In what follows I will be addressing the morality of restricting certain forms of speech in educational institutions. There are different values at play in the university than in the state, and different goods that come from allowing or disallowing speech. But just as governments can rightly set guidelines as to what is permissible, so too can educational institutions. My argument is simple. Colleges and universities have one goal: education. That is what they are for, and that is just what it is to be a college or university—what could be termed their essence, their defining feature. So as long as we are acting qua members of an educational institution, enhancing education is the only goal that should guide us in this case.

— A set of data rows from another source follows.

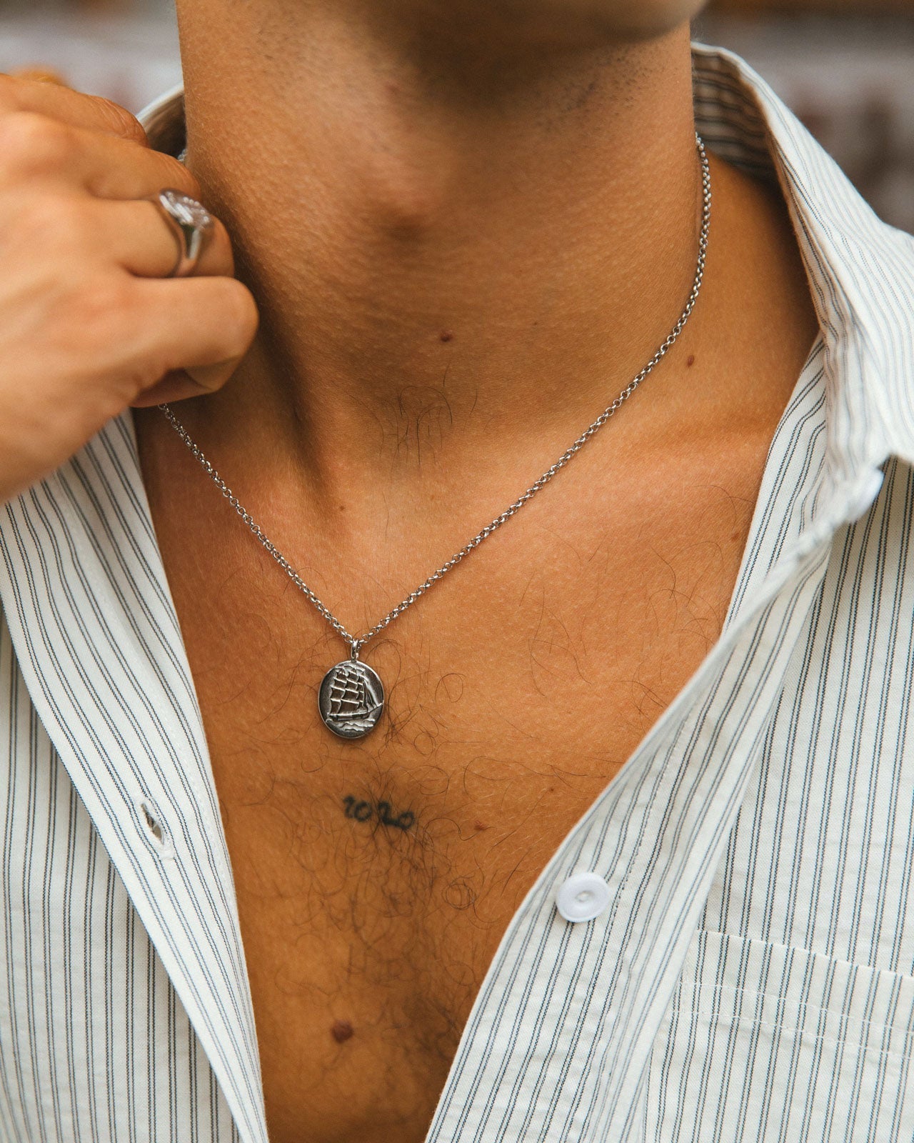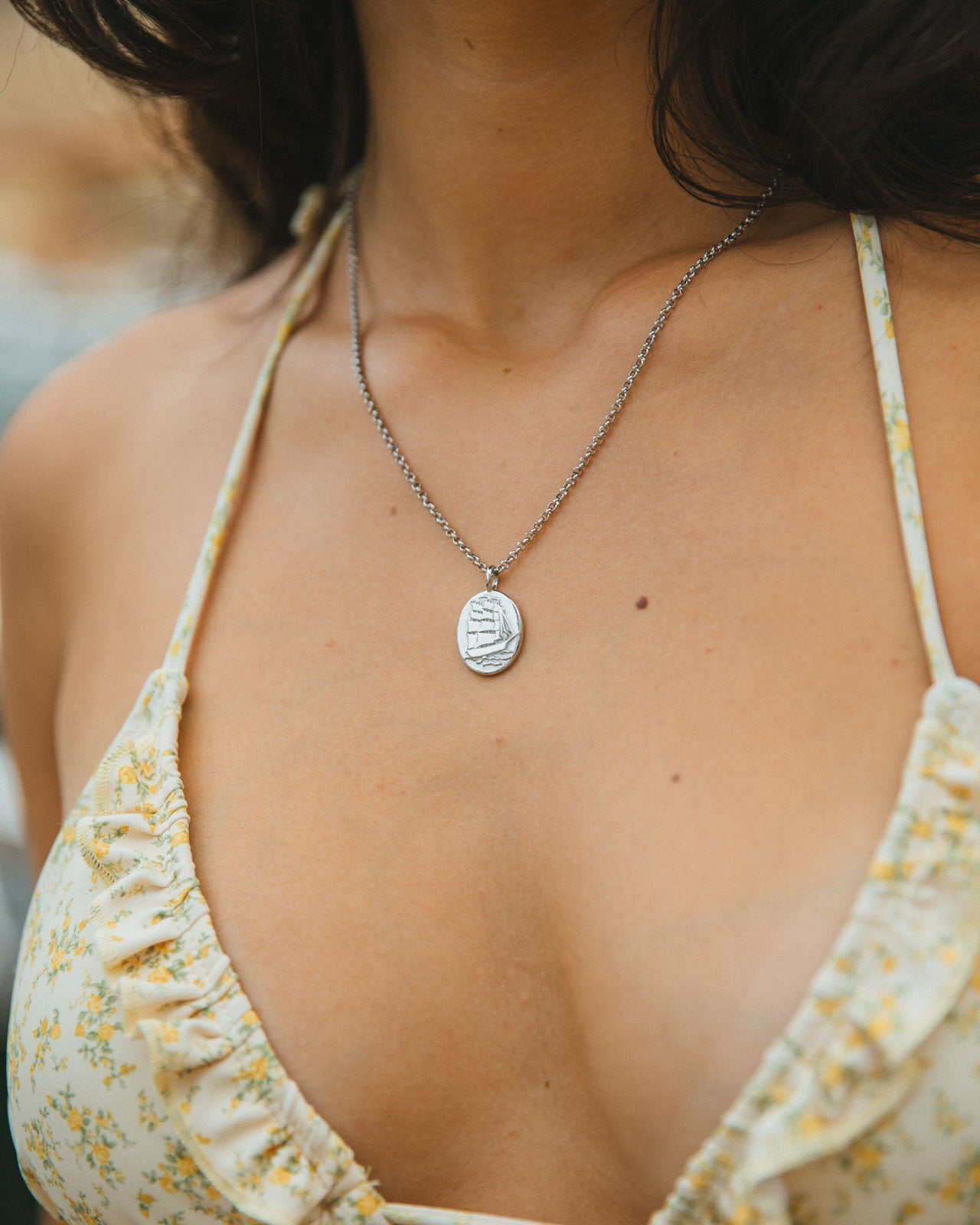 An understated beauty paying homage to the sea, this necklace features a delicate thin rope chain with a rounded boat pendant. Inspired by the Latin name "Marina" meaning "of the sea" perfect for those who cherish the beauty of the ocean. Made with stainless steel which means it's waterproof and tarnish-free, perfect for beach days.
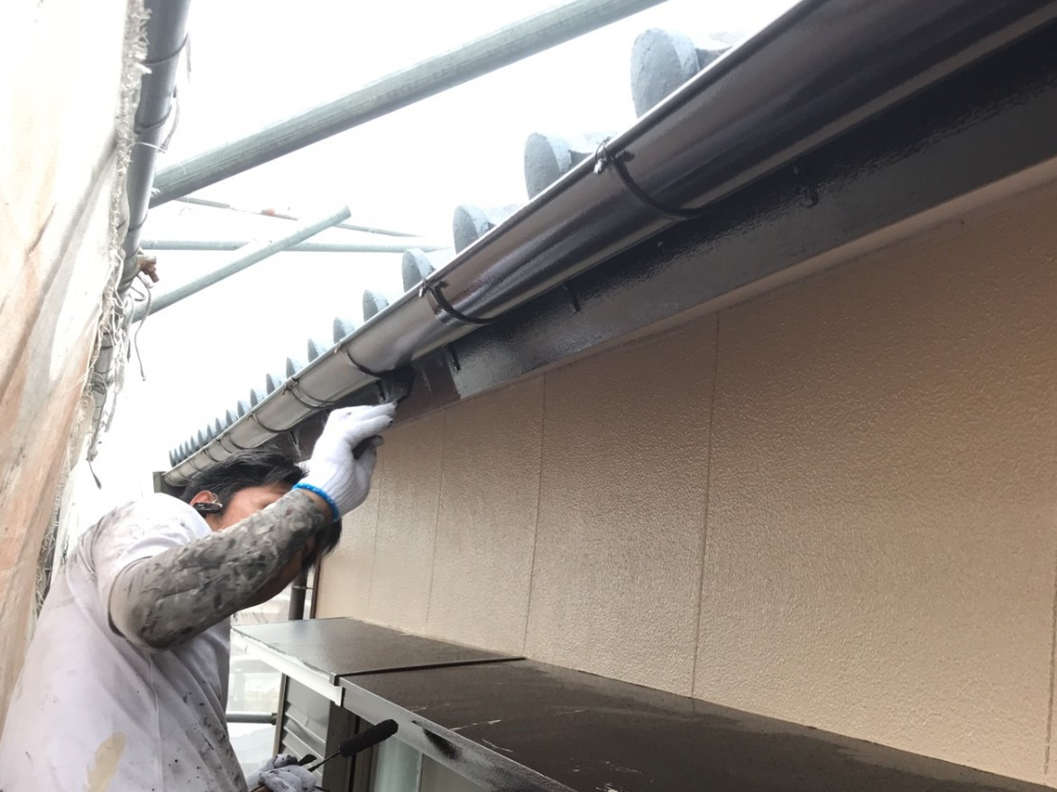 外壁塗装工事後の10年保証、香川県高松市の【ユウ建装】 2019/10/25 香川県高松市の外壁塗装の本日の作業です。 雨樋、鼻隠し、庇板金の上塗り1回目と2回目になります。 シリコン塗料をたっぷり塗り込み耐久性を高めていきます。 施工事例はこちらになります ↓ 施工事例 ブログ
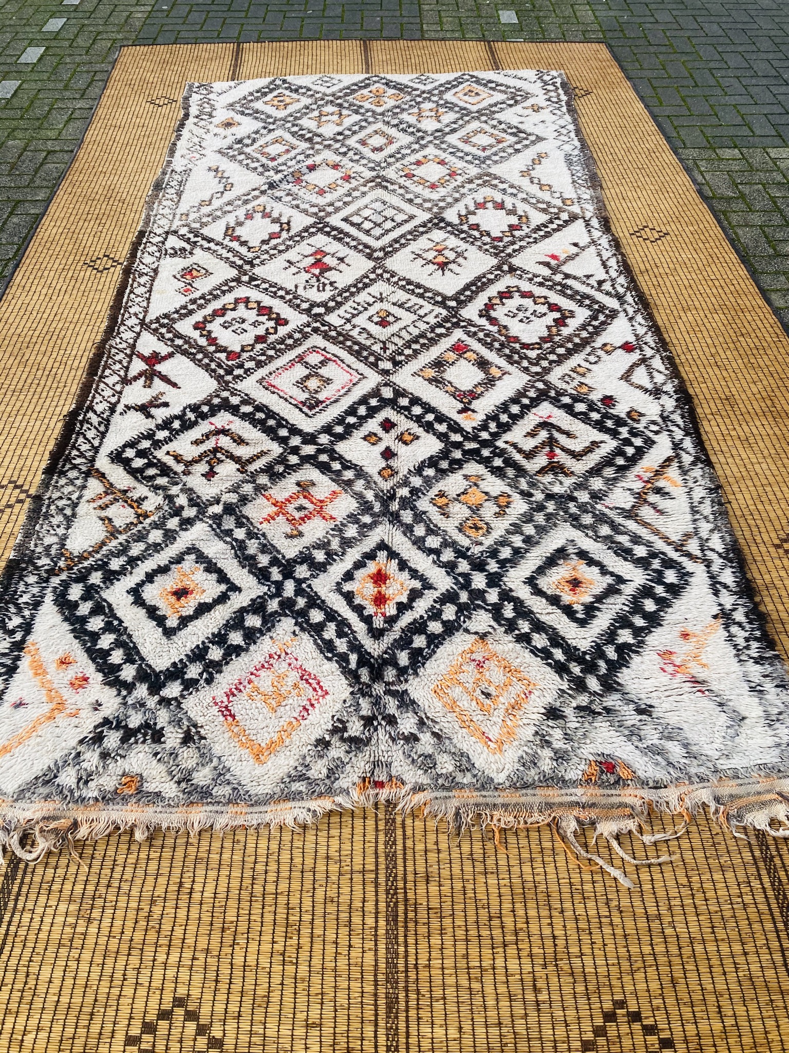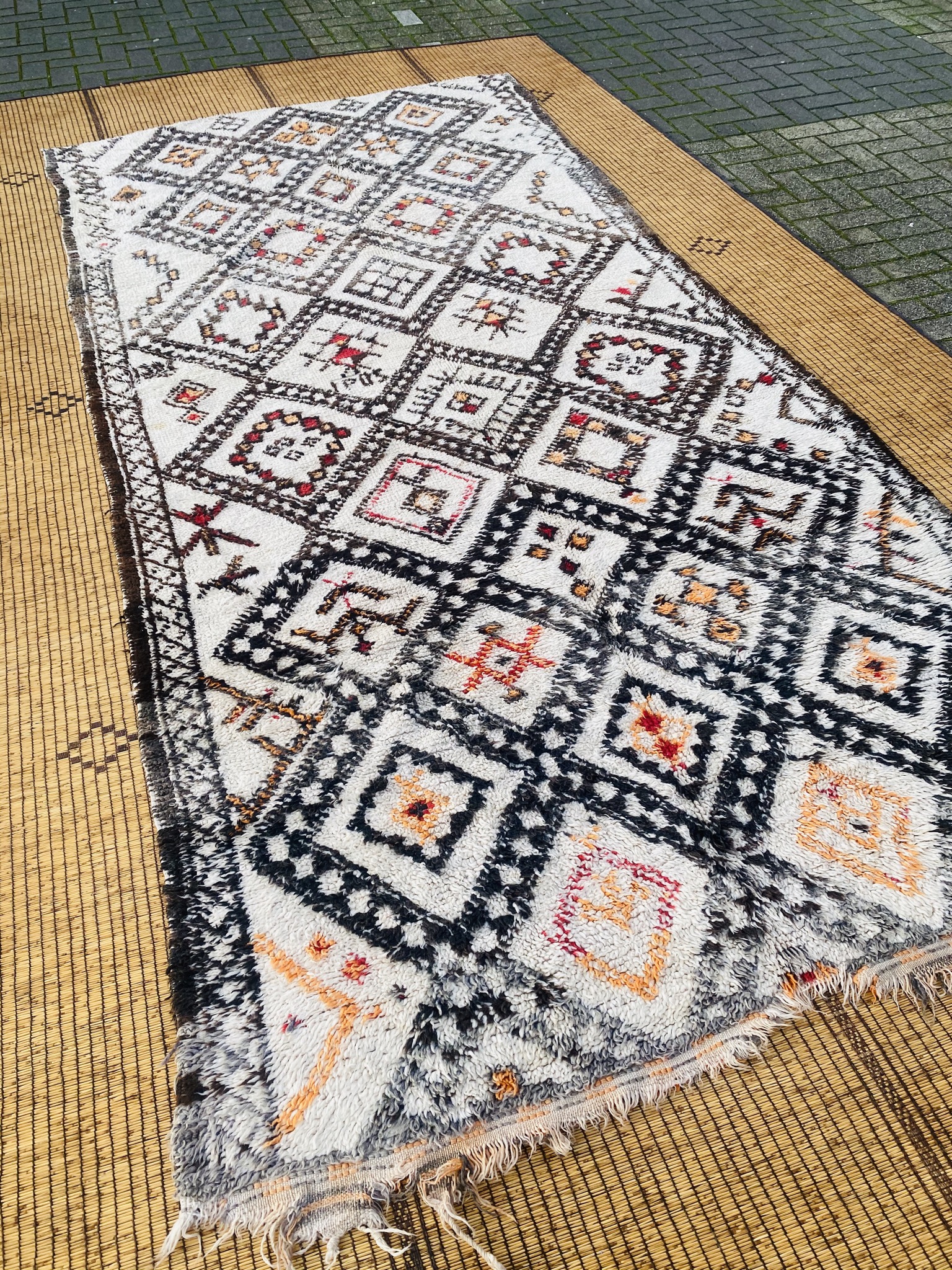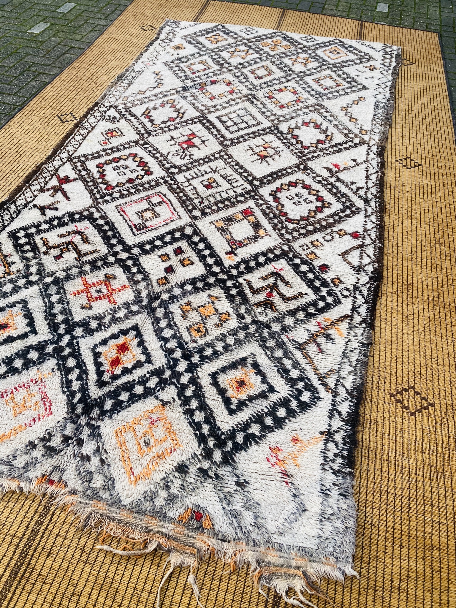 Our Beni Ourain rugs are made by people who incorporate fragments of their lives in the designs. These designs usually express femininity and nature, fertility or birth. We have also seen some stories of personal beliefs or rural life emerging from the carpets. Beni Ourain is a group of 17 Berber tribes that traditionally inhabits the Atlas Mountains of Morocco. They rear a special type of sheep from where the women get high-quality wool for making rugs and blankets for use, especially during the cold winters in the Moroccan Atlas Mountains. Our vintage Beni Ourain rugs possess a spirit and a character. It is a reflection of the daily life of the women that make it. Most of our vintage Beni rugs are cream(ivory) in color, although differences in the tone are found depending on the sheep's color. Our Moroccan Beni Ourain Rugs are a masterpiece with unique artwork that will beautify your home for a long time. We believe that you can pass the rug down for generations if you're able to properly care for it, since the high-quality wool will never wear out nor the colours will fade.
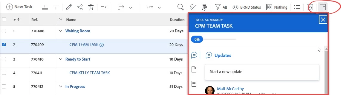 Description - The Task Summary is available when looking at tasks in a project and is really useful for allowing team members to comment and interact with tasks. It would be great if this feature was available in reports. This way you could get this useful feature when managing work across projects.
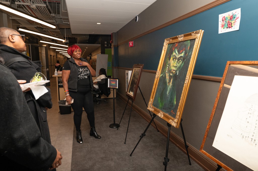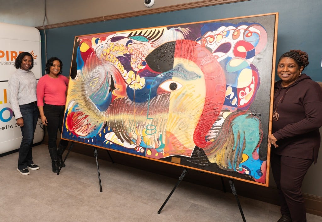 Another work, “She Wanted Colors,” by artist Mark Pressley, was commissioned by Chawanya Hayes as she prepared to open her first business. Hayes later moved to Dubai, leaving the painting in the care of family members.
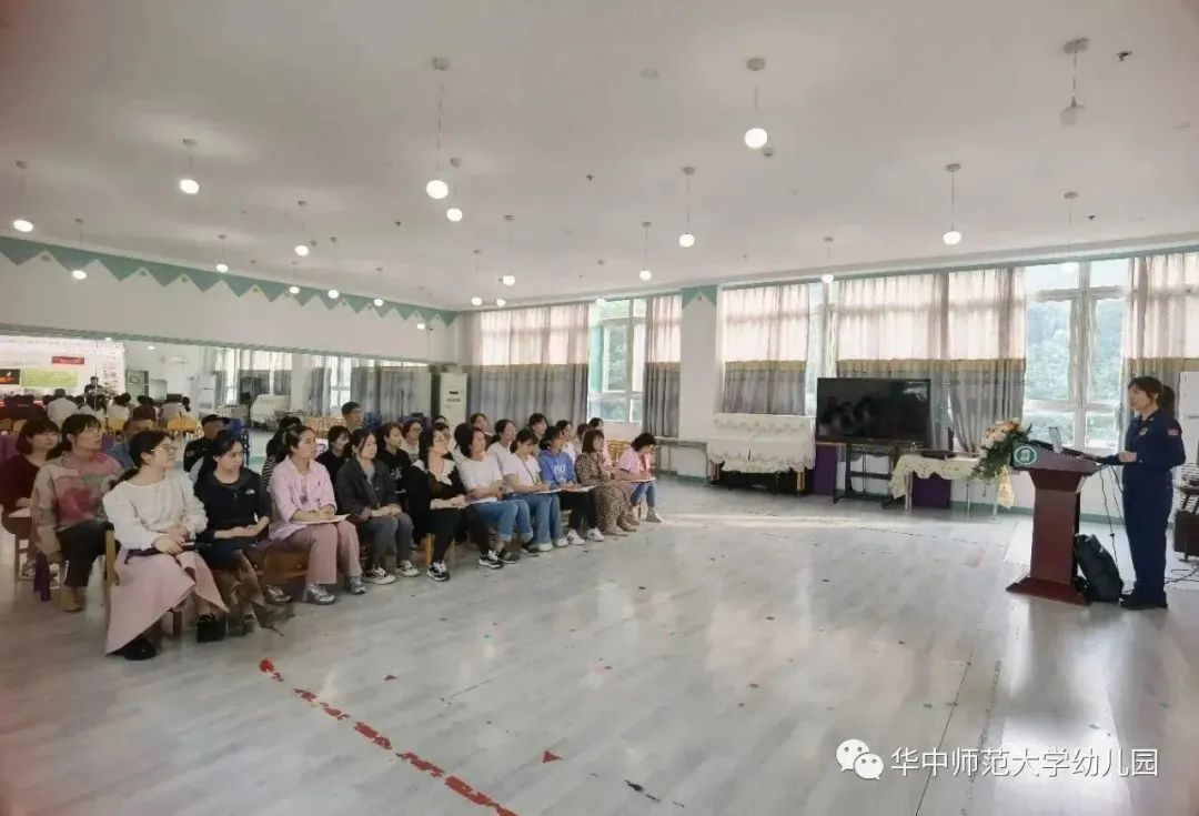 洪山区消防救援大队黄玲警官首先分享了几个典型火灾案例,用实例告诉大家如何防范于未然。并从学校防火须知、火灾扑救方法、火灾逃生技巧与消防法律法规等方面对教职员工进行了全面系统的指导。
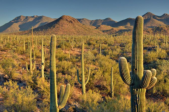 Более 50 видов кактусов можно увидеть в весьма необычном парке США — Сагуаро. Объект расположен в юго-западном штате Аризона. Название парк получил благодаря своей главной достопримечательности — гигантскому кактусу сагуаро или карнегия, размер которого достигает до 15 метров.
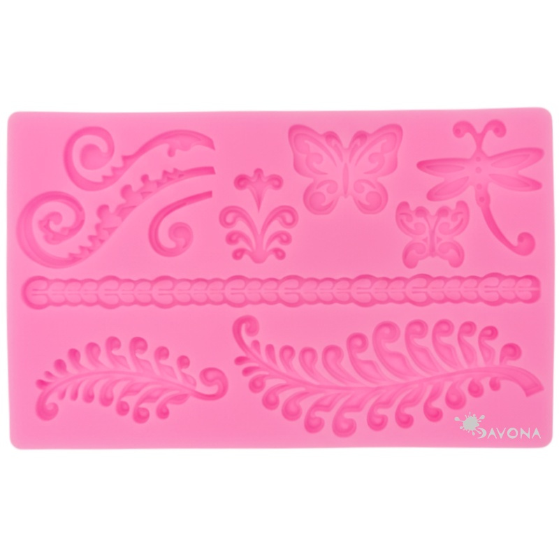 Silikonová forma - motýli a ornamenty (1ks)
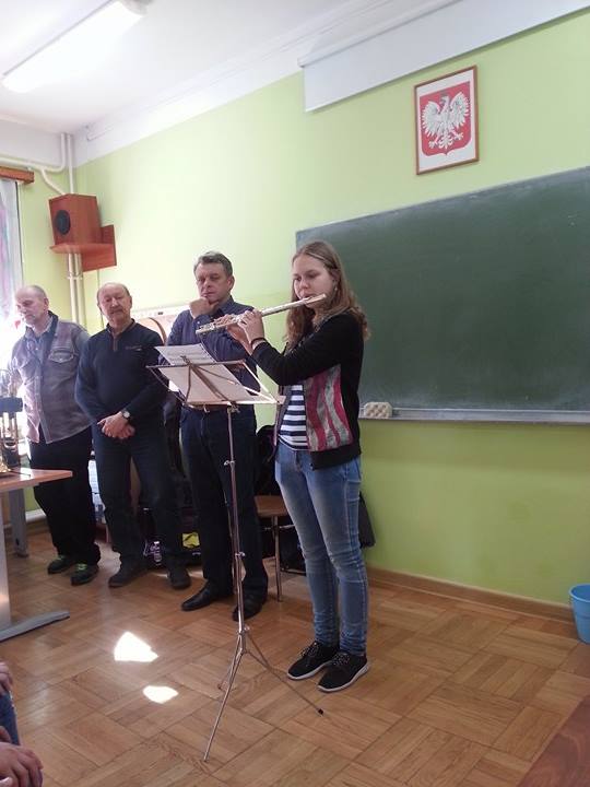 Uczniowie szkoły podstawowej uczestniczyli w ciekawych warsztatach muzycznych przygotowanych przez członków Orkiestry Dętej przy Ochotniczej Straży Pożarnej w Jedlińsku . Panowie odwiedzili naszą szkołę dnia 28 marca. zaprezentowali instrumenty dęte drewniane i blaszane. Uczniowie mieli możliwość usłyszenia brzmienia trąbki czy saksofonu i sami próbowali wydobyć z nich dźwięk. Dzięki instrukcjom muzyków wielu uczniom udało się wykonać to dość trudne zadanie. Wszyscy byli zadowoleni, może kiedyś nasi uczniowie także zagrają w orkiestrze dętej.

Given that education is the goal, what should be learned and how should those things be learned? There have been many different ideas as to the pragmatic goals of education—whether it should focus on religious doctrine, which used to be a popular goal, or teach whatever would promote democracy, a more contemporary goal, or whether it should simply promote knowledge for its own sake. However, I would suggest two things that we typically want to get out of education, whatever the specific pragmatic goals. For one thing, we want to learn facts. However, there are many facts out there and we obviously cannot learn all of them, so naturally we must select what we want to know about, whether in the area of biochemistry, the history of the Reformation, or constitutional law. While this allows a wide variety of choice in what to learn, our learning goals in these disparate fields all share one relatively modest criterion for what we want to learn, and that is that we want what we learn to be correct. No doubt there are occasions when we don't want to know the truth (How do you like my new haircut?) but generally people go to school to gain true beliefs, not false ones. Knowing the truth typically allows us to better reach our goals, and that is what we want.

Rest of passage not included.